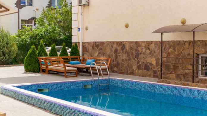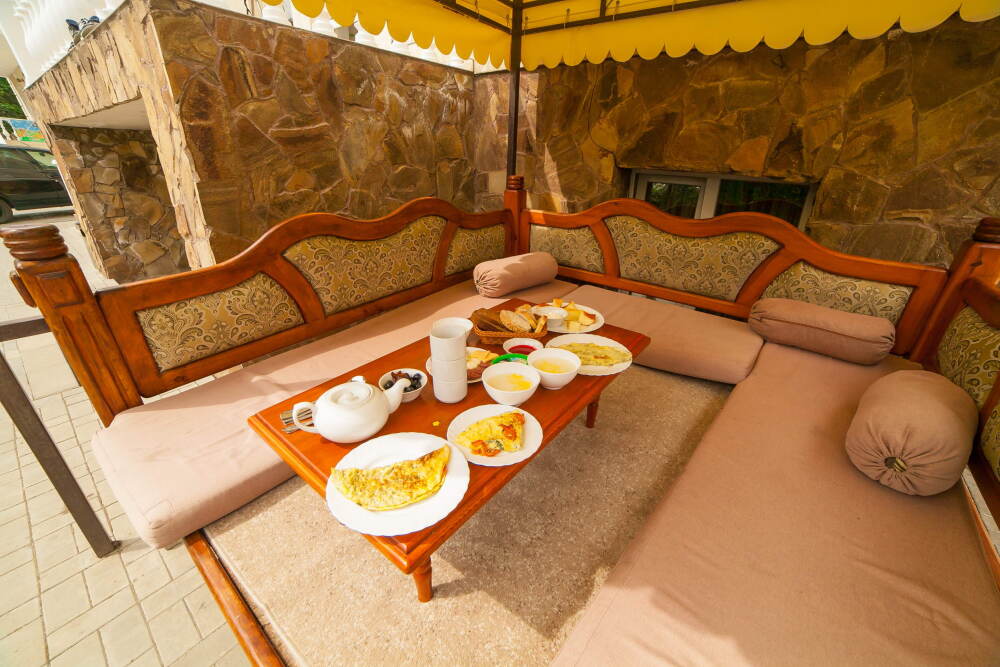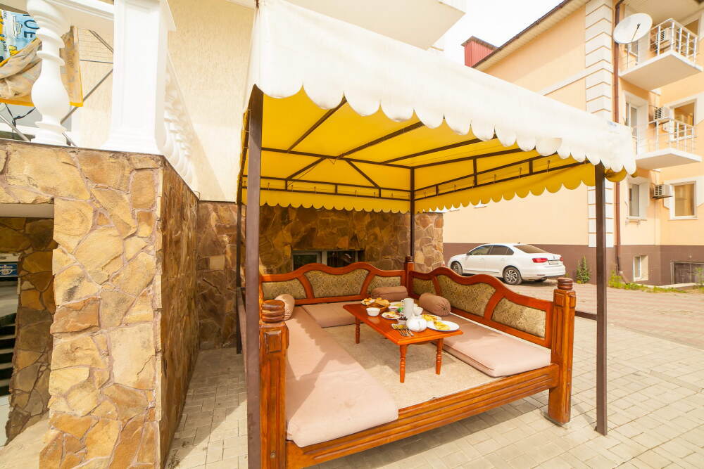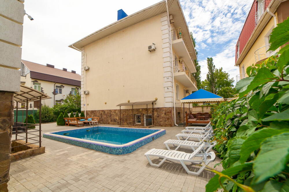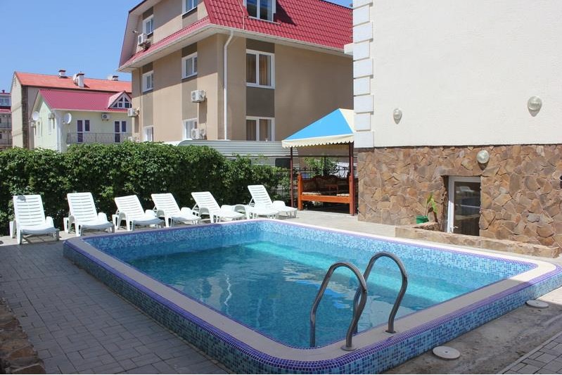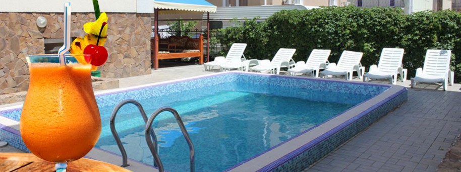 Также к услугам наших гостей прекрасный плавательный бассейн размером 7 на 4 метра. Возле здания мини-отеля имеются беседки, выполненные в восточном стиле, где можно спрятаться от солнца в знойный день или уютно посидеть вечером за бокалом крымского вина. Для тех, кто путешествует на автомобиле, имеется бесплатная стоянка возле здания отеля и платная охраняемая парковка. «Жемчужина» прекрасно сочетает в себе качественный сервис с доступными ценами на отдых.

* * * * *

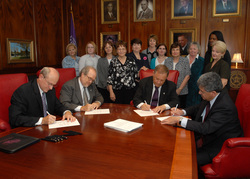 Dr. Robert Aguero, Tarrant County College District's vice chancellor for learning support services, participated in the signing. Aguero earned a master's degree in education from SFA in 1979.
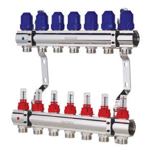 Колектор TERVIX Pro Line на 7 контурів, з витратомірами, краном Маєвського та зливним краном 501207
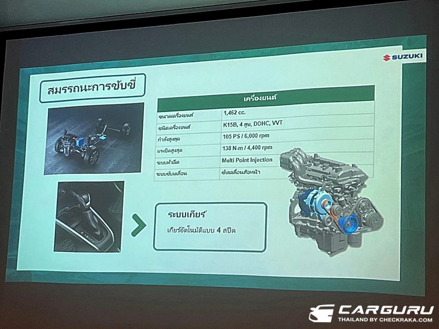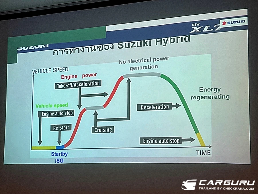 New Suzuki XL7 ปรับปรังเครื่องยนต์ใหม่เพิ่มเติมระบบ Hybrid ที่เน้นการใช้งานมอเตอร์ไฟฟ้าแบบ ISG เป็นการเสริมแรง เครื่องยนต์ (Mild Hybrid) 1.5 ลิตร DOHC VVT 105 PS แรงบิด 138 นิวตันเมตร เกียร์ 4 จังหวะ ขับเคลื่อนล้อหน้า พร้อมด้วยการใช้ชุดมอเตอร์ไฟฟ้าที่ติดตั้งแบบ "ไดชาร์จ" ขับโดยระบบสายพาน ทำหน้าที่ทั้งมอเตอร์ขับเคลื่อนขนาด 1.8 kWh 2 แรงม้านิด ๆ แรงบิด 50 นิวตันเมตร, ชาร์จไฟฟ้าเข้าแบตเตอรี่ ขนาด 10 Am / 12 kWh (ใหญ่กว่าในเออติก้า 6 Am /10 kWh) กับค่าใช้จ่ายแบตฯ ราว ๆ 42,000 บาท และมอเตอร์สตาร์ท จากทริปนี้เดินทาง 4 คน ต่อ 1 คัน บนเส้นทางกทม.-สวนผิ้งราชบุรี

* * * * *

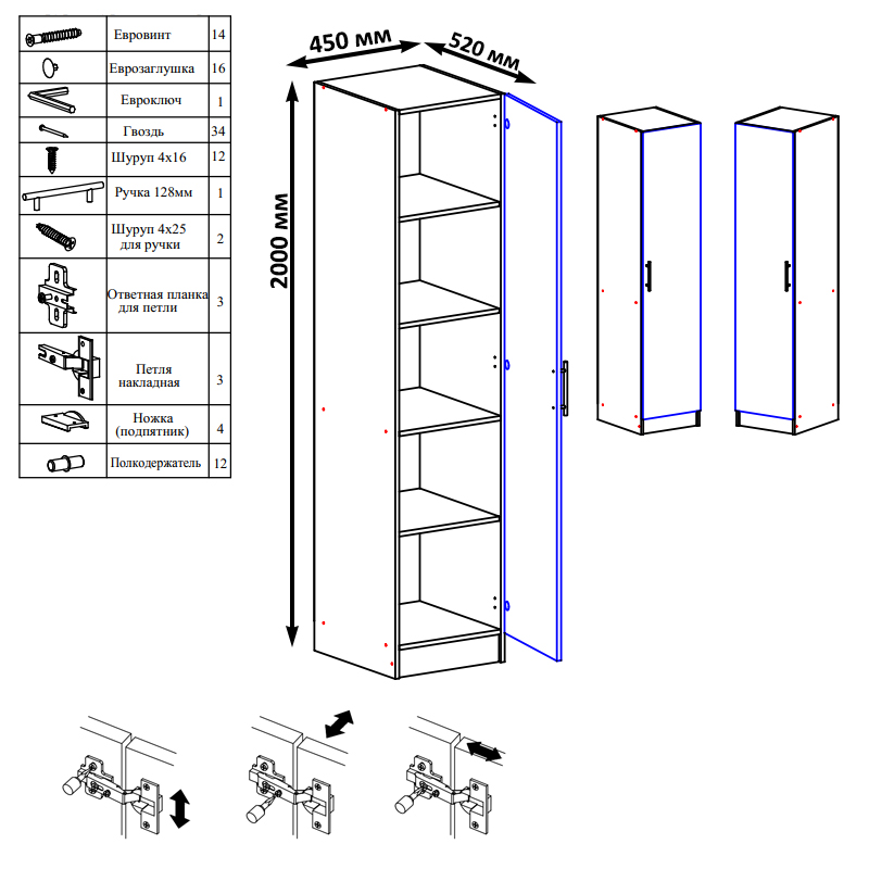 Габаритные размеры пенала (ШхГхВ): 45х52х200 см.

* * * * *

** What you have to do **
In the entries above, find the line with "Dr. Robert Aguero, Tarrant" and the line with "Колектор TERVIX Pro". Return exactly those lines and all the ones between them, pictures excluded.

** Response to this exercise **
 Dr. Robert Aguero, Tarrant County College District's vice chancellor for learning support services, participated in the signing. Aguero earned a master's degree in education from SFA in 1979.
 Колектор TERVIX Pro Line на 7 контурів, з витратомірами, краном Маєвського та зливним краном 501207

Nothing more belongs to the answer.